Nicola Camolese

Personal information
- Date of birth: 2 April 2005 (age 21)
- Place of birth: Treviso, Italy
- Height: 1.73 m (5 ft 8 in)
- Position: Left-back

Team information
- Current team: Gela (on loan from Novara)

Youth career
- Liventina
- 2019–2022: Venezia

Senior career*
- Years: Team / Apps / (Gls)
- 2022–2024: Venezia / 0 / (0)
- 2024–: Novara / 0 / (0)
- 2025–2026: → Dekani (loan) / 5 / (0)
- 2026–: → Gela (loan) / 0 / (0)

= Nicola Camolese =

Italian footballer

Nicola Camolese (born 2 April 2005) is an Italian professional footballer who plays for Serie D club Gela on loan from Novara.

== Club career ==
Nicola Camolese first played football in Motta di Livenza, before joining the Venezia FC academy in 2019.

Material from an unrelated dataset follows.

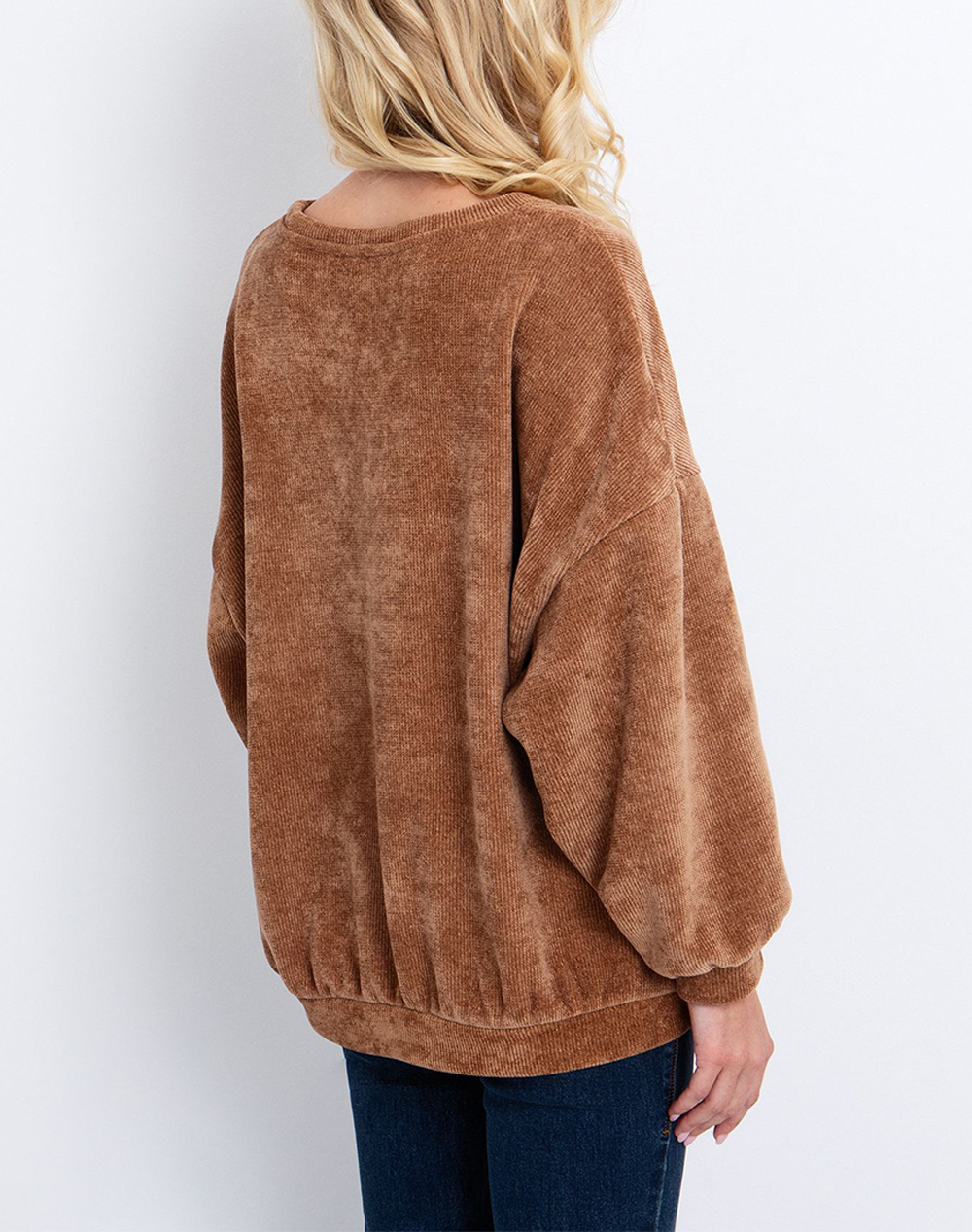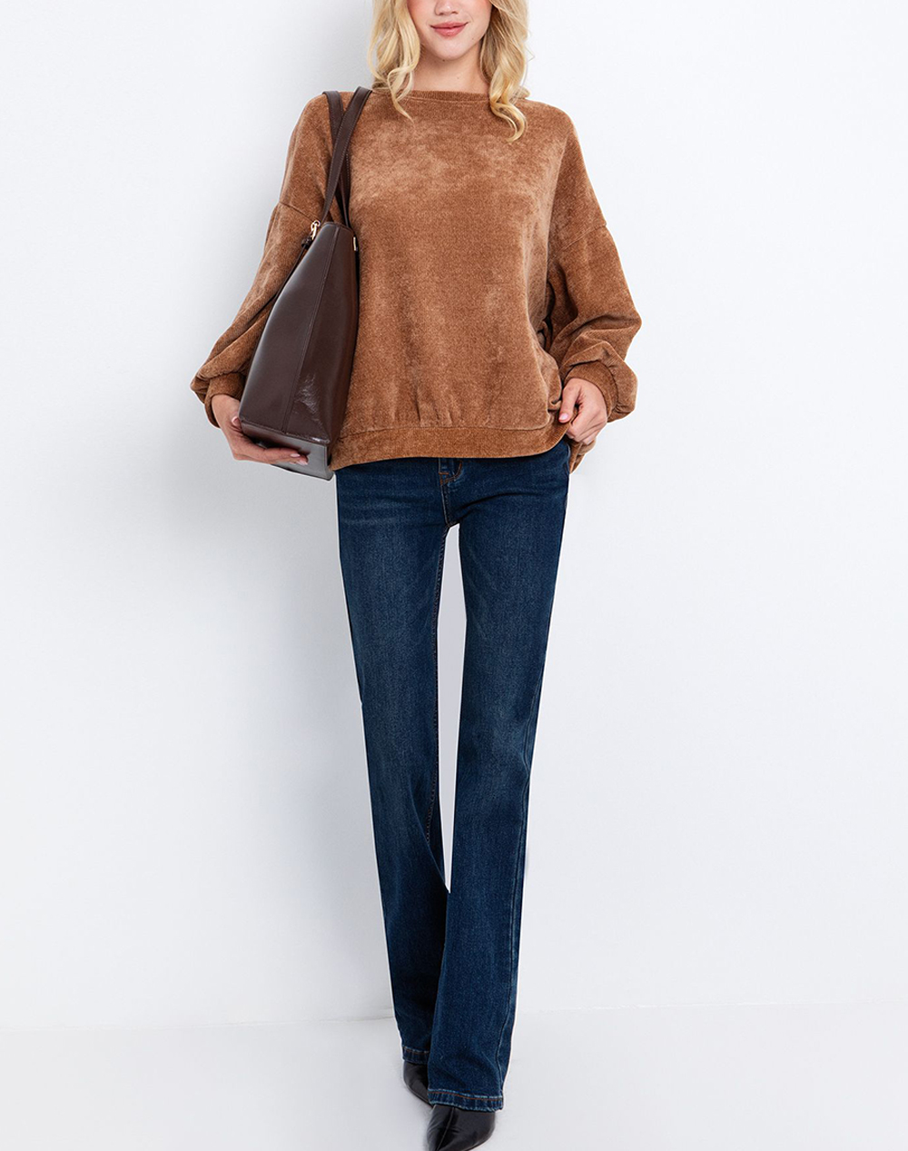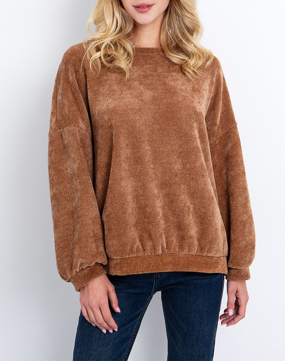 Women's blouse, in a loose fit, solid color, long sleeves, with a round neckline and a soft texture. (Composition: 100% Polyester)
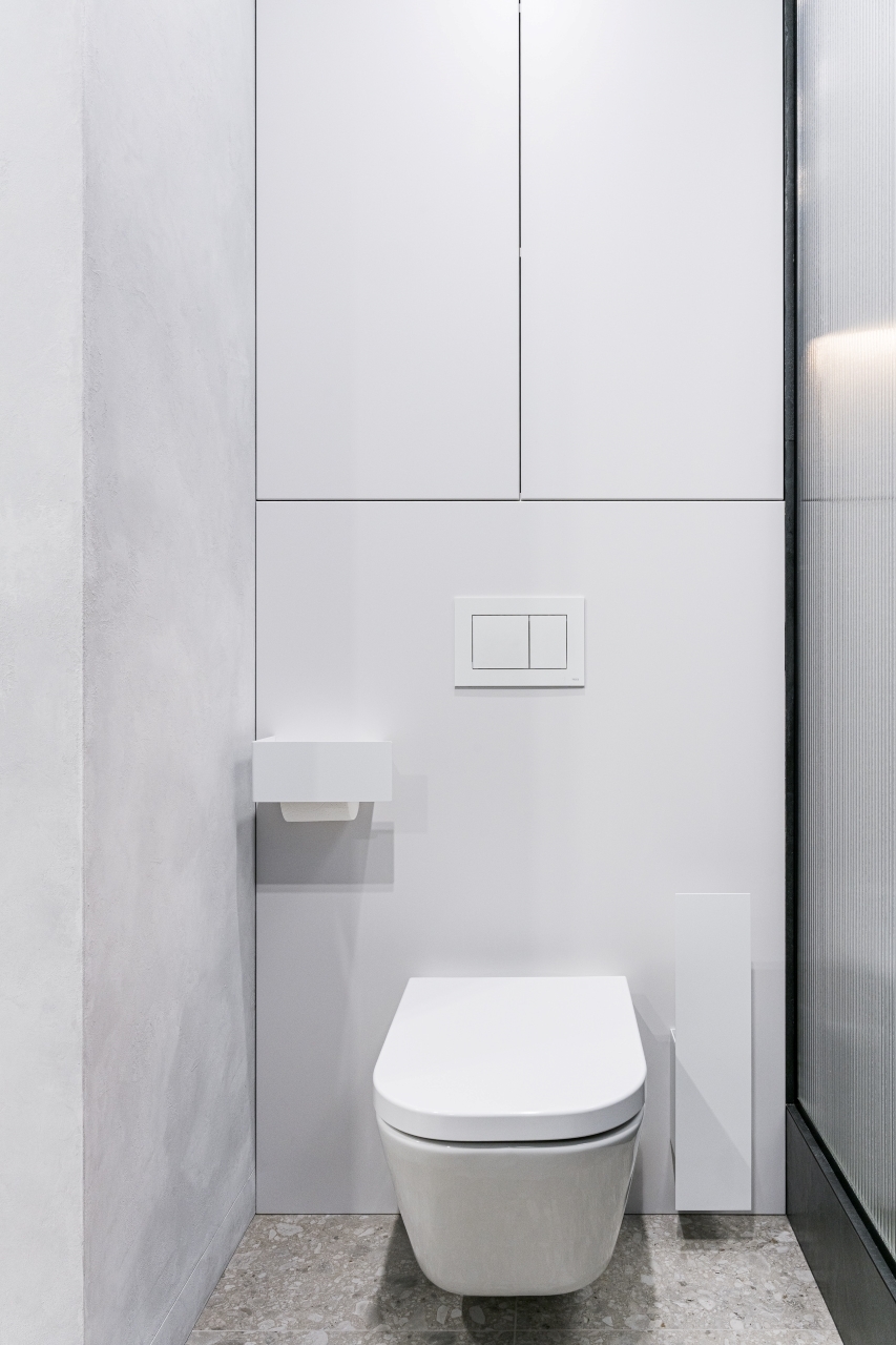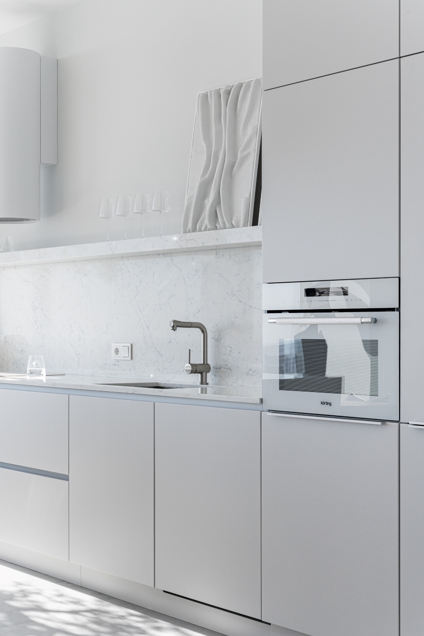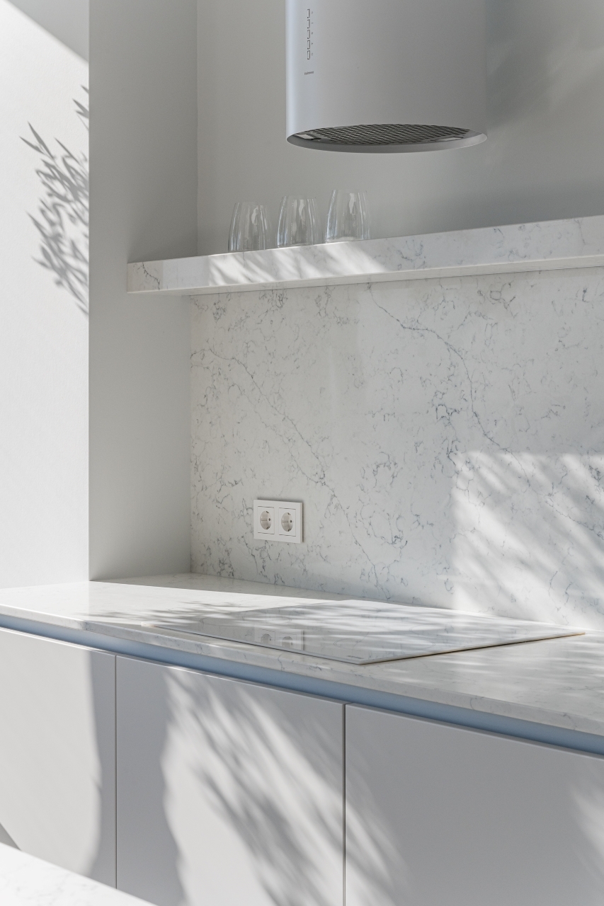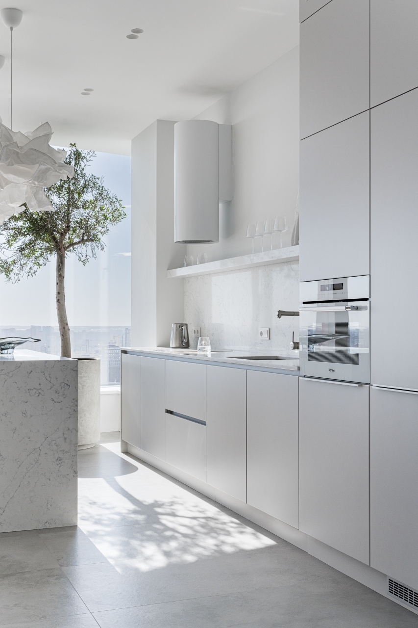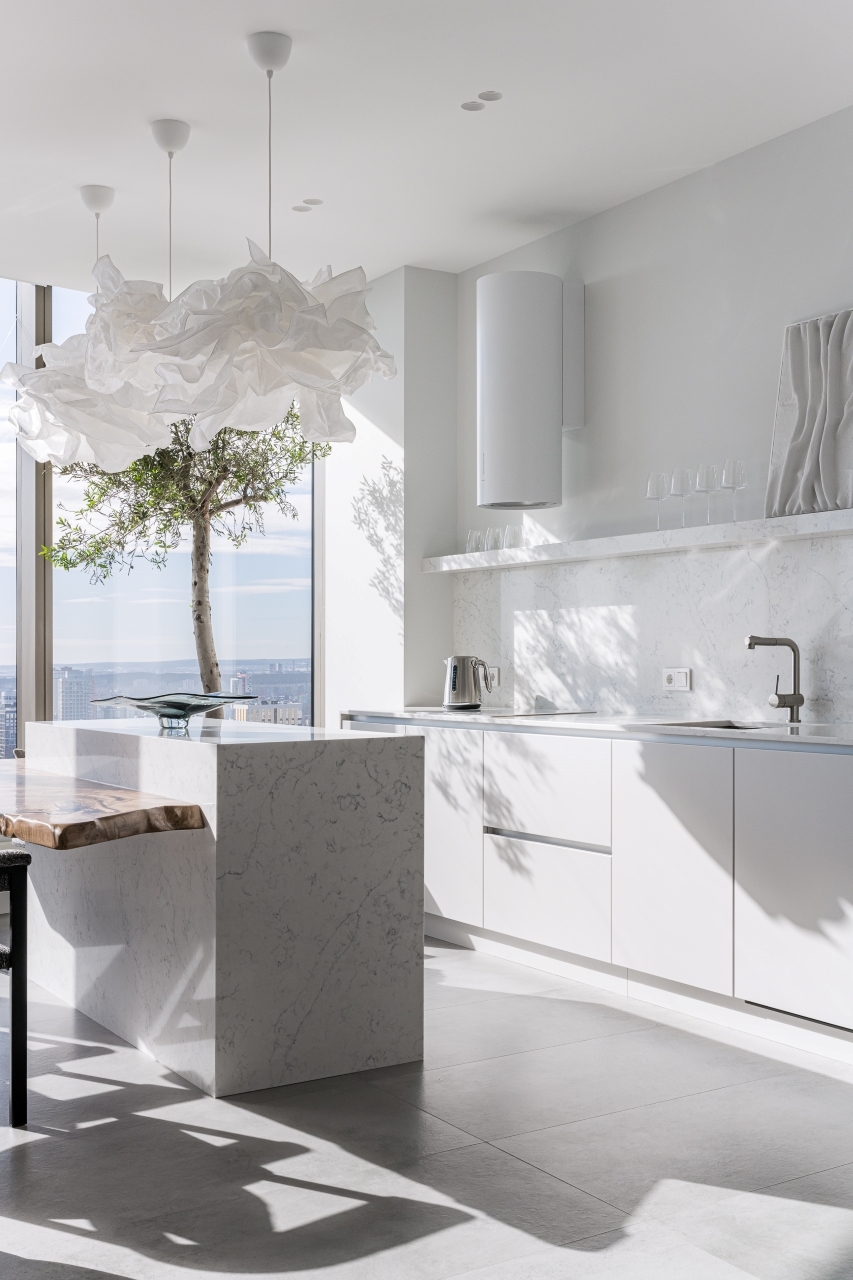 Концепция: Основная идея проекта — воссоздание атмосферы 'зимнего дня в горах' с высоты птичьего полета, аналогичной швейцарским альпийским ландшафтам. Концепция реализована через тщательно подобранную цветовую палитру из оттенков белого, серого и синего, дополненную теплыми акцентами натурального дерева и динамичной игрой контрастных фактур – от грубых до глянцевых. Планировочные решения включают трансформацию геометрии: объединение прихожей с кухней-гостиной для создания единого, просторного пространства, а также оптимизацию мастер-спальни с проходной гардеробной для увеличения площади ванной комнаты и повышения эргономики. Каждый элемент, от скрытых плинтусов и уникальной столешницы из карагача, устойчивого к УФ-излучению, до панно из натурального камня и кастомной мебели, подчеркивает эксклюзивность и внимание к деталям.

Having made his primavera debut in February 2022, he became a full member of the under-19 team during the 2022–23 pre-season, before seeing a succession of covid cases leading to a first team call, before the first game of the season.

Camolese made his professional debut for Venezia on the 7 August 2022, replacing Bjarki Bjarkason at the 64th minute of a 2–3 Coppa Italia loss to Ascoli. Aged only 17, he had then played more minutes with the first team than with the primavera.

On 22 July 2024, Camolese signed a three-season contract with Novara in Serie C.